Adding Cannabis to MK-677: Who Should Specifically Not Do This

Any woman with PCOS and metabolic syndrome, any woman in perimenopause already experiencing insulin resistance, any woman with menstrual irregularity who has not yet identified its cause, and any woman taking medications that are CYP3A4-dependent (including many hormonal therapies, antifungals, and antiretrovirals) should not combine these compounds. The interaction potential is real even if the direct trial data does not yet exist.
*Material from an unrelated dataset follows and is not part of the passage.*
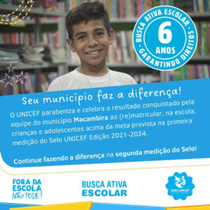 Selo UNICEF destaca município de Macambira por ultrapassar meta estipulada O UNICEF reconheceu o esforço do município de Macambira na garantia do direito à educação de crianças e adolescentes, por meio da implementação da Busca Ativa Escolar, um dos resultados sistêmicos de educação no Selo UNICEF 2021-2024. Nesta primeira medição, o município ultrapassou a meta estipulada, ampliando o acesso à escola e enfrentando a exclusão escolar.
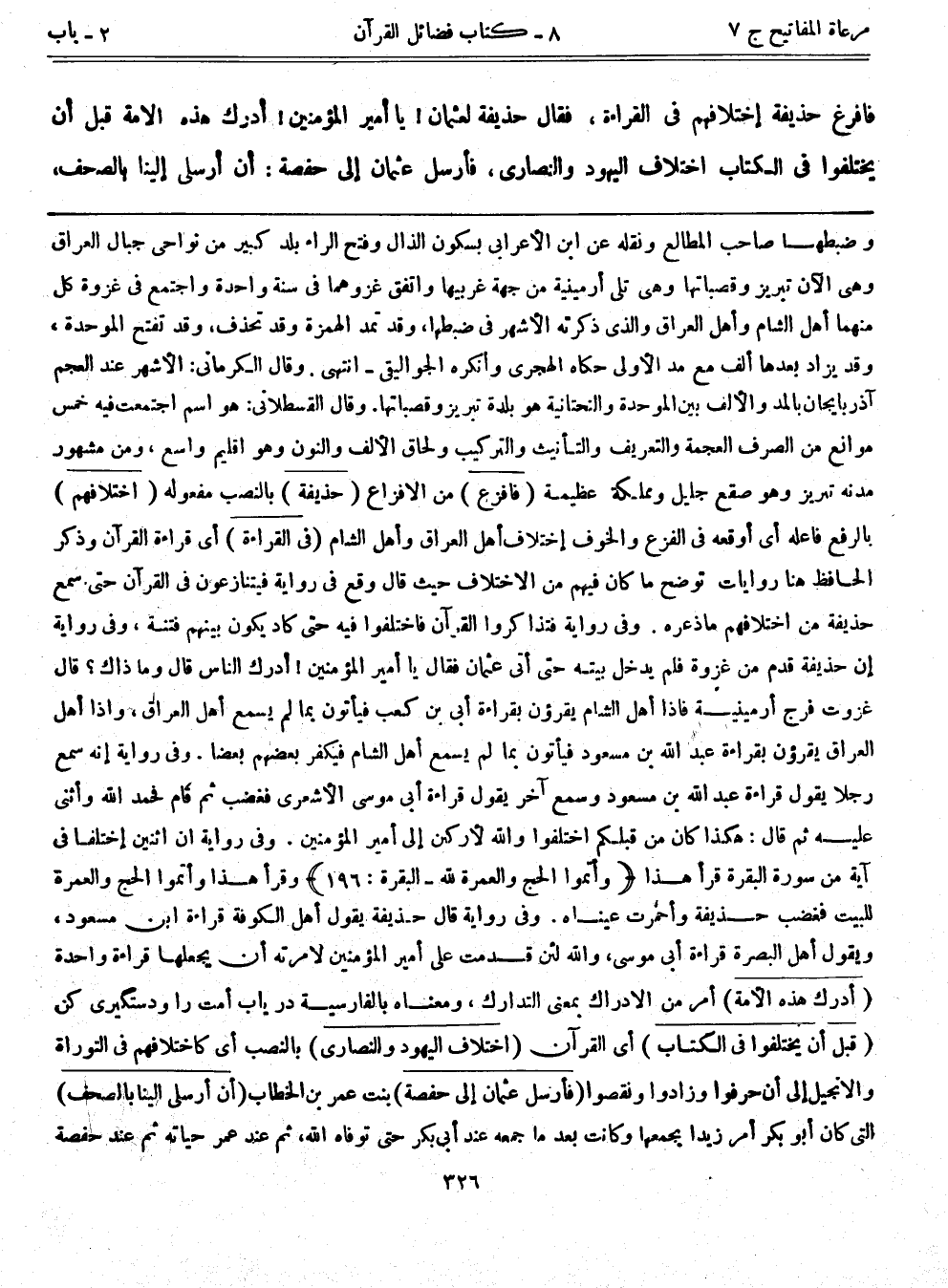 وضبطها صاحب المطالع ونقله عن ابن الأعرابي بسكون الذال وفتح الراء بلد كبير من نواحي جبال العراق وهي الآن تبريز وقصباتها وهي تلي أرمينية من جهة غربيها واتفق غزوهما في سنة واحدة واجتمع في غزوة كل منهما أهل الشام وأهل العراق والذي ذكرته الأشهر في ضبطها، وقد تمد الهمزة وقد تحذف، وقد تفتح الموحدة، وقد يزاد بعدها ألف مع مد الأولى حكاه الهجري وأنكره الجواليقي – انتهى. وقال الكرماني: الأشهر عند العجم آذر بيجان بالمد والألف بين الموحدة والتحتانية هو بلدة تبريز وقصباتها. وقال القسطلاني: هو اسم اجتمعت فيه خمس موانع من الصرف العجمة والتعريف والتأنيث والتركيب ولحاق الألف والنون وهو إقليم واسع، ومن مشهور مدنه تبريز وهو صقع جليل ومملكة عظيمة (فافزغ) من الافزاغ (حذيفة) بالنصب مفعوله (اختلافهم) بالرفع فاعله أي أوقعه في الفزع والخوف اختلاف أهل العراق وأهل الشام (في القراءة) أي قراءة القرآن وذكر الحافظ هنا روايات توضح ما كان فيهم من الاختلاف حيث قال وقع في رواية فيتنازعون في القرآن حتى سمع حذيفة من اختلافهم ما ذعره. وفي رواية فتذاكروا القرآن فاختلفوا فيه حتى كاد يكون بينهم فتنة، وفي رواية إن حذيفة قدم من غزوة فلم يدخل بيته حتى أتى عثمان فقال يا أمير المؤمنين! أدرك الناس قال وما ذاك؟ قال غزوت فرج أرمينية فإذا أهل الشام يقرؤن بقراءة أبي بن كعب فيأتون بما لم يسمع أهل العراق، وإذا أهل العراق يقرؤن بقراءة عبد الله بن مسعود فيأتون بما لم يسمع أهل الشام فيكفر بعضهم بعضاً. وفي رواية إنه سمع رجلاً يقول قراءة عبد الله بن مسعود وسمع آخر يقول قراءة أبي موسى الأشعري فغضب ثم قام فحمد الله وأثنى عليه ثم قال: هكذا كان من قبلكم اختلفوا والله لأركبن إلى أمير المؤمنين. وفي رواية إن اثنين اختلفا في آية من سورة البقرة قرأ هذا {وأتموا الحج والعمرة لله} [البقرة: 196] وقرأ هذا وأتموا الحج والعمرة للبيت فغضب حذيفة وأحمرت عيناه. وفي رواية قال حذيفة يقول أهل الكوفة قراءة ابن مسعود، ويقول أهل البصرة قراءة أبي موسى، والله لئن قدمت على أمير المؤمنين لامرته أن يجعلها قراءة واحدة (أدرك هذه الأمة) أمر من الإدراك بمعنى التدارك، ومعناه بالفارسية درياب أمت راودستكيري كن (قبل أن يختلفوا في الكتاب) أي القرآن (اختلاف اليهود والنصارى) بالنصب أي كاختلافهم في التوراة والإنجيل إلى أن حرفوا وزادوا ونقصوا (فأرسل عثمان إلى حفصة) بنت عمر بن الخطاب (أن أرسلي إلينا بالصحف) التي كان أبوبكر أمر زيداً بجمعها وكانت بعد ما جمعه عند أبي بكر حتى توفاه الله، ثم عند عمر حياته ثم عند حفصة

What the Evidence Gap Means for You

Clinical honesty requires saying this directly: the combination of MK-677 and cannabis in women is essentially unstudied. Individual compound data in women is thin. The ibutamoren trials that exist were conducted mostly in men or in elderly mixed-sex populations. Cannabis research in women is growing but still sparse compared with male-dominant datasets. When a clinician tells you with confidence that this combination is safe or unsafe at a specific dose, ask them to cite the trial. That trial does not exist yet.
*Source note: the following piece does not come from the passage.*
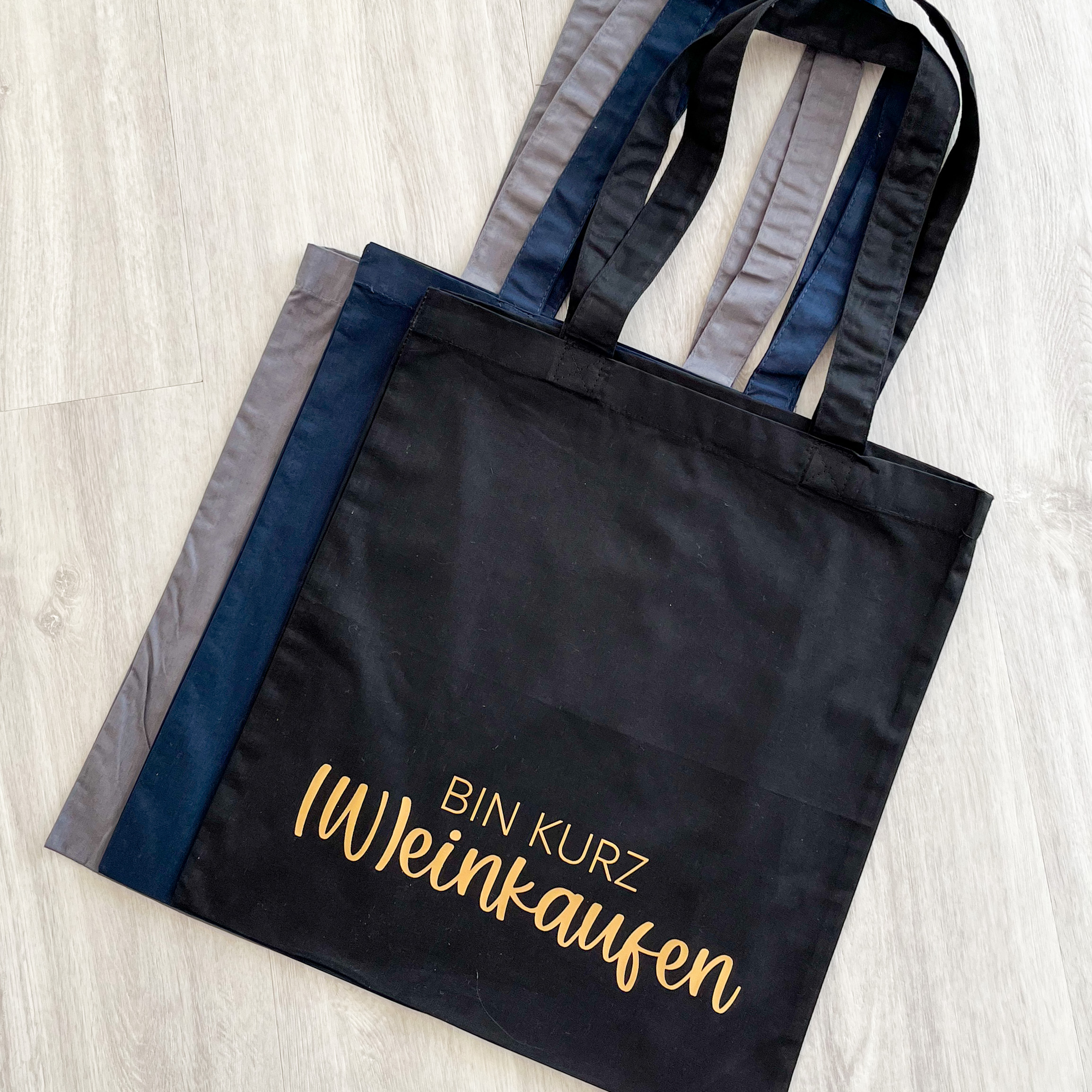 Stofftasche mit Bin kurz (W)einkaufen. Das perfekte Geschenk für die beste Freundin, wenn man auf der Suche nach einer Kleinigkeit zum Verschenken ist.
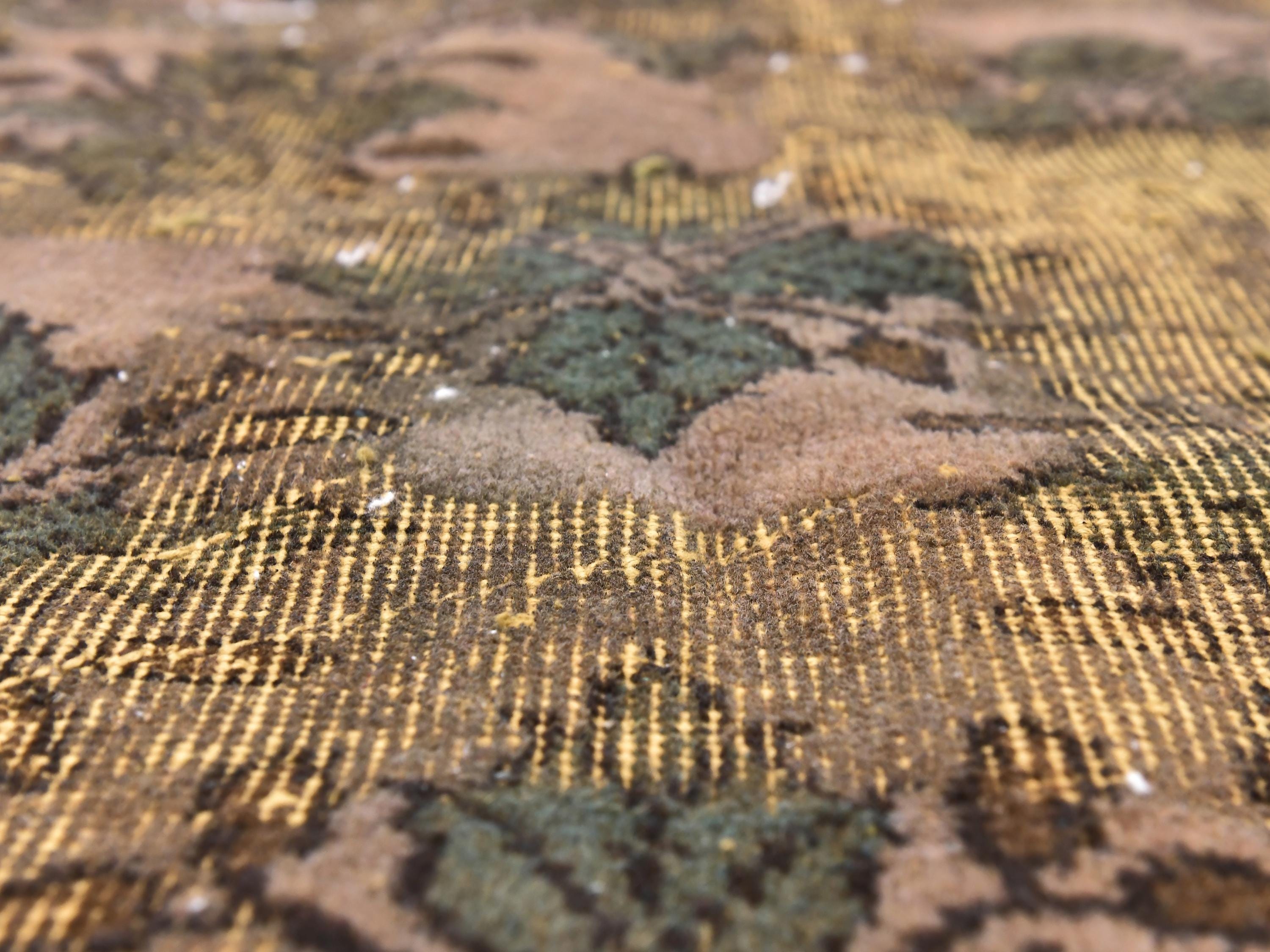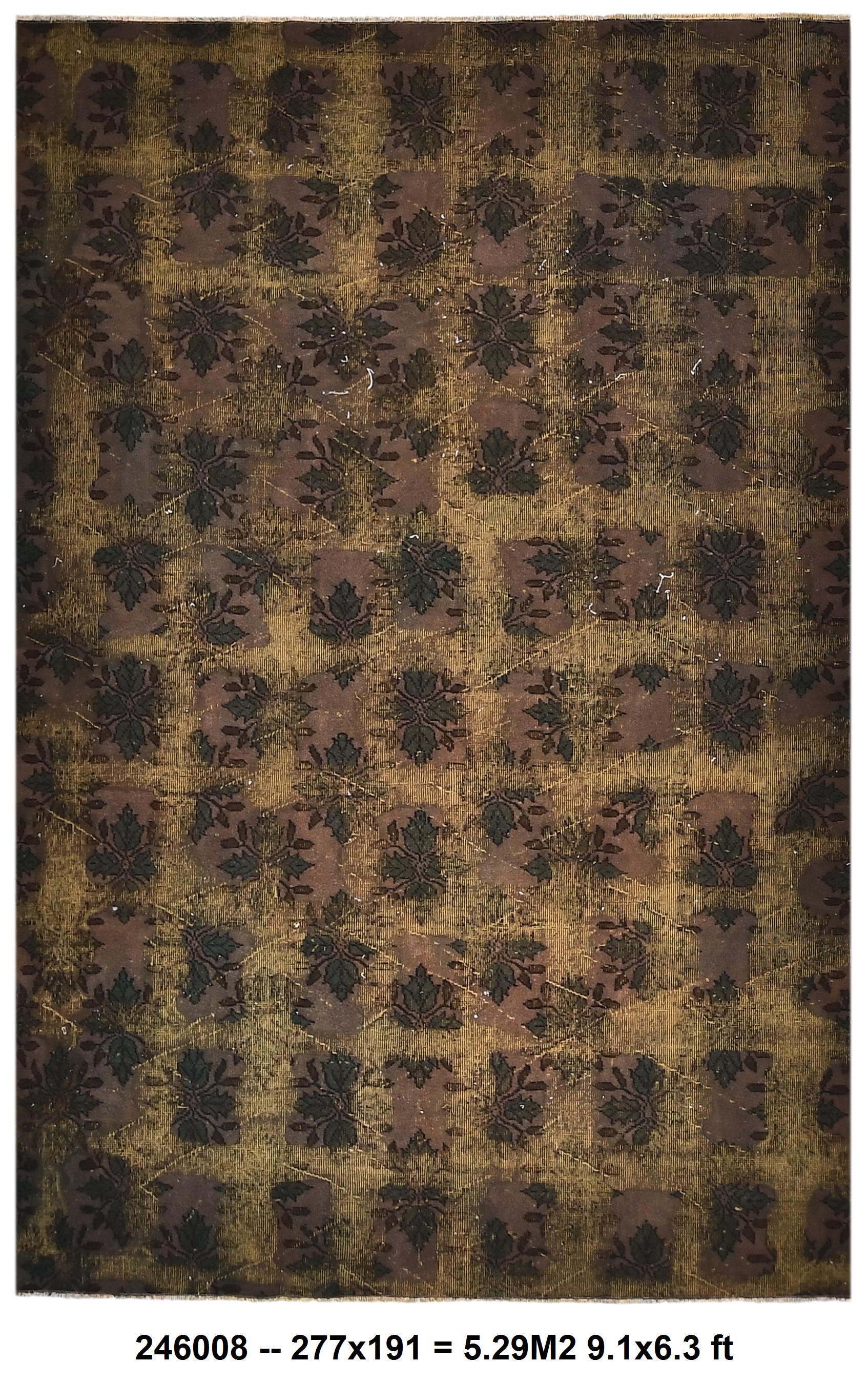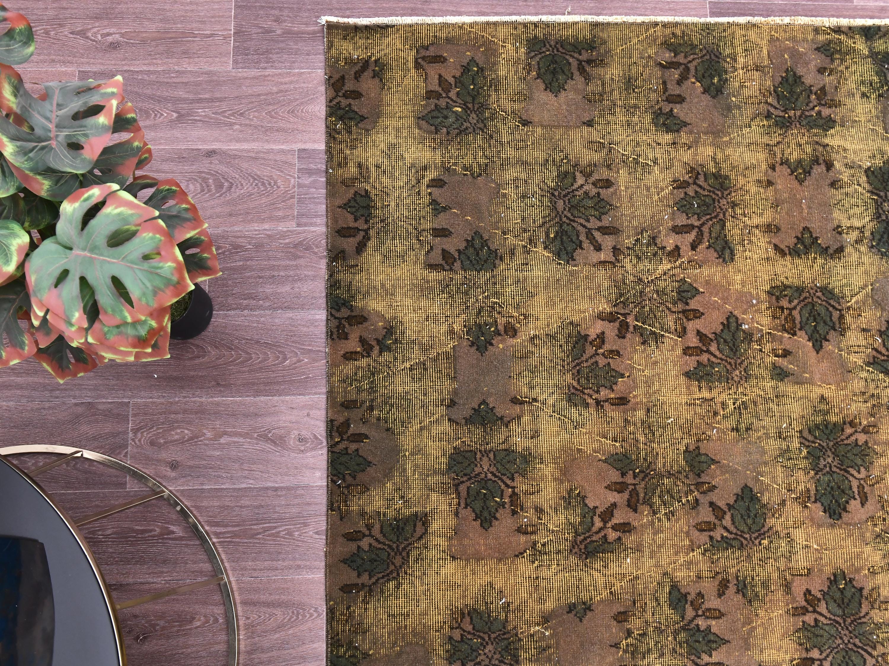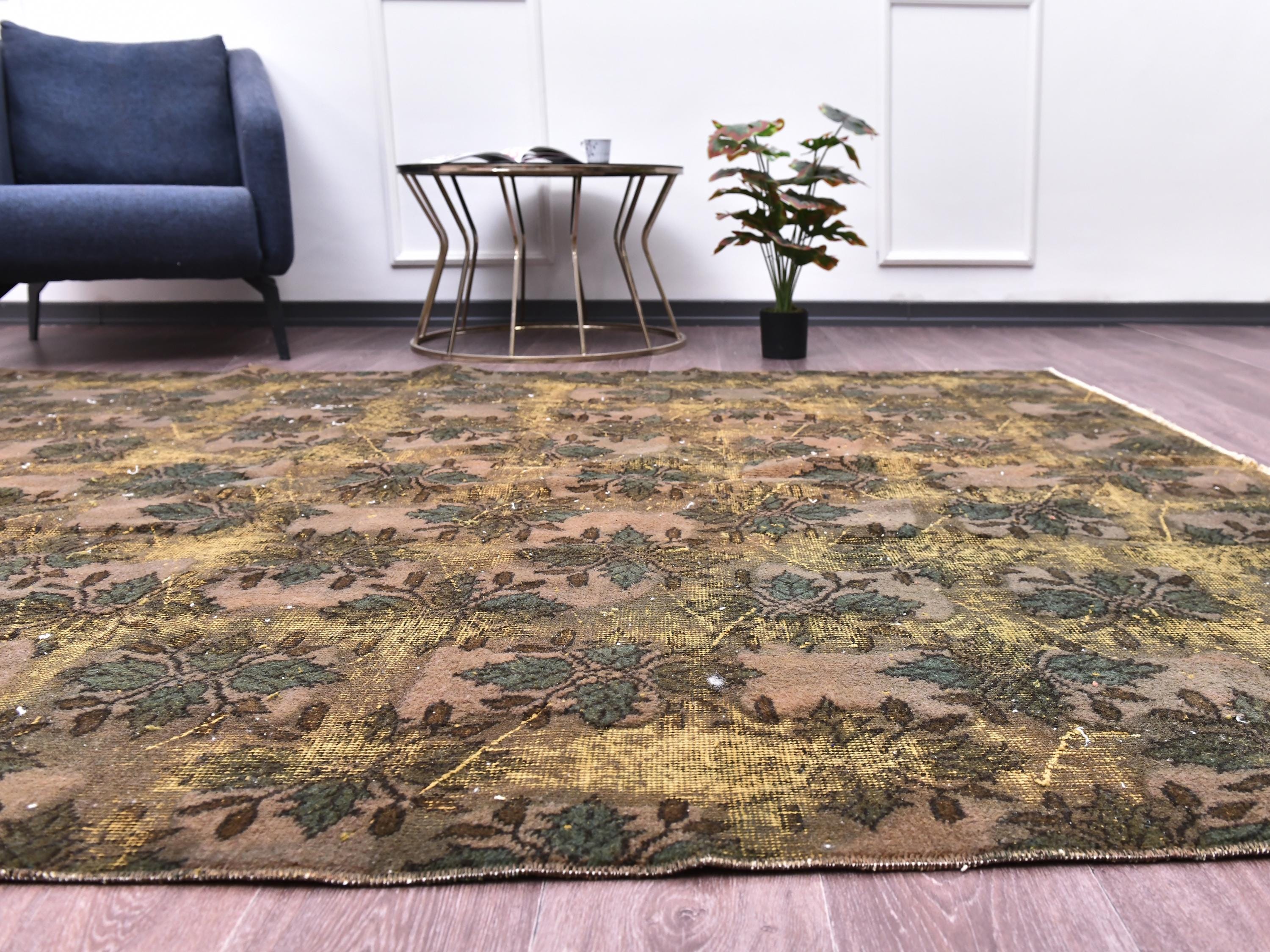 📜📌 Large vintage handknotted Turkish area rug with gold yellow overdyed background and dark green brown floral bouquet allover pattern, heavily distressed worn look

A 2021 review in the Journal of Women's Health documented persistent sex and gender gaps in clinical trials of investigational agents, particularly in the endocrinology and sports medicine spaces where compounds like MK-677 circulate. You deserve to know when the data that applies to you specifically has not been collected.
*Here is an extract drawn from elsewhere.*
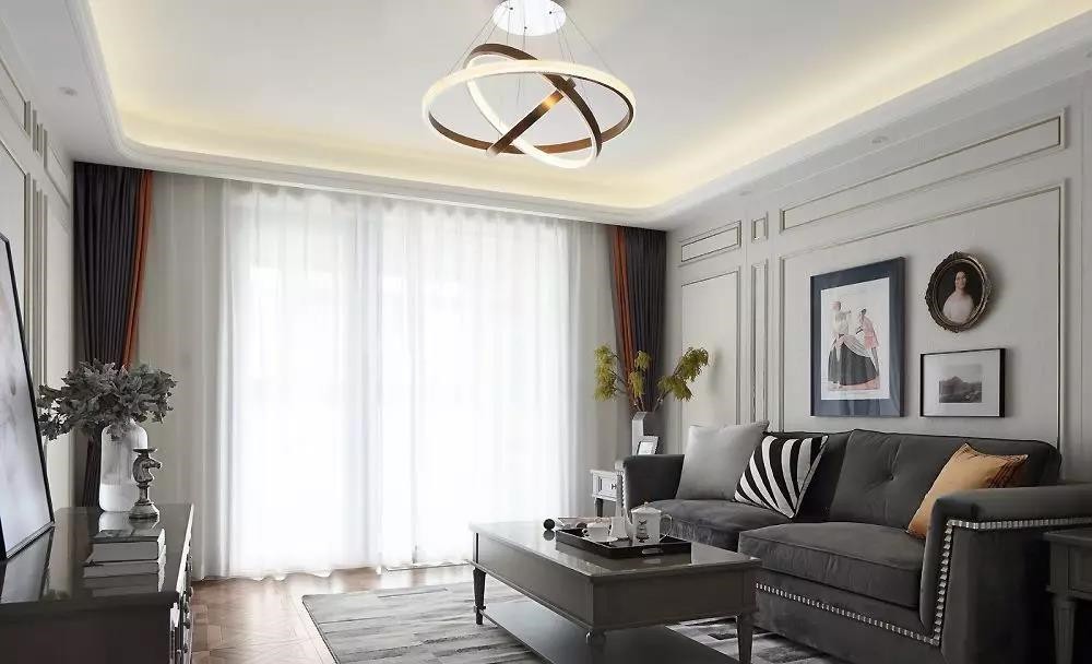 客厅,阳光透过纱帘洒在宁静的屋内,营造温暖舒适的空间氛围,金色圆环吊灯在视觉上营造出了优雅与灵动的感觉。
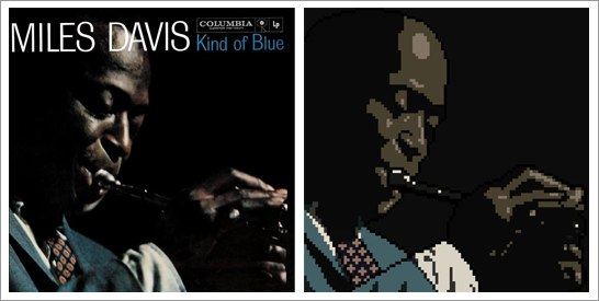 Un musicista decide un bel giorno di reinterpretare con le sonorità dei sistemi 8 bit degli anni ’80 Kind of blue (1959) di Miles Davis, uno dei più famosi album della storia del jazz. L’album si chiama Kind of bloop e la copertina, coerentemente con l’ispirazione, non è nient’altro che la versione pixelata di quella originale.

What you can reasonably conclude from existing mechanistic and indirect evidence: combining MK-677 and cannabis carries additive metabolic risk, unpredictable pharmacokinetic interactions via CYP3A4 inhibition by CBD, additive appetite stimulation, and overlapping HPA axis disruption. None of these interactions benefit the outcomes women typically pursue with either compound.

Monitoring If You Are Already Using MK-677

If you are currently using MK-677 and also using cannabis, these are the minimum monitoring parameters a clinician should check:

• Fasting glucose and HbA1c at baseline and every 3 months
• Fasting insulin and HOMA-IR to detect early insulin resistance
• IGF-1 (serum) to confirm GH axis response and avoid supraphysiologic levels
• Blood pressure (fluid retention from MK-677 can raise blood pressure)
• Menstrual cycle tracking if you are premenopausal or perimenopausal
• Cortisol (AM serum or 24-hour urine free cortisol) if you have symptoms of hypercortisolism

A fasting glucose above 100 mg/dL on MK-677 should prompt dose reduction or discontinuation. The 25 mg daily dose used in trials produced mean fasting glucose increases of approximately 0.3-0.4 mmol/L above baseline, a clinically meaningful shift in women who are already at the upper range of normal.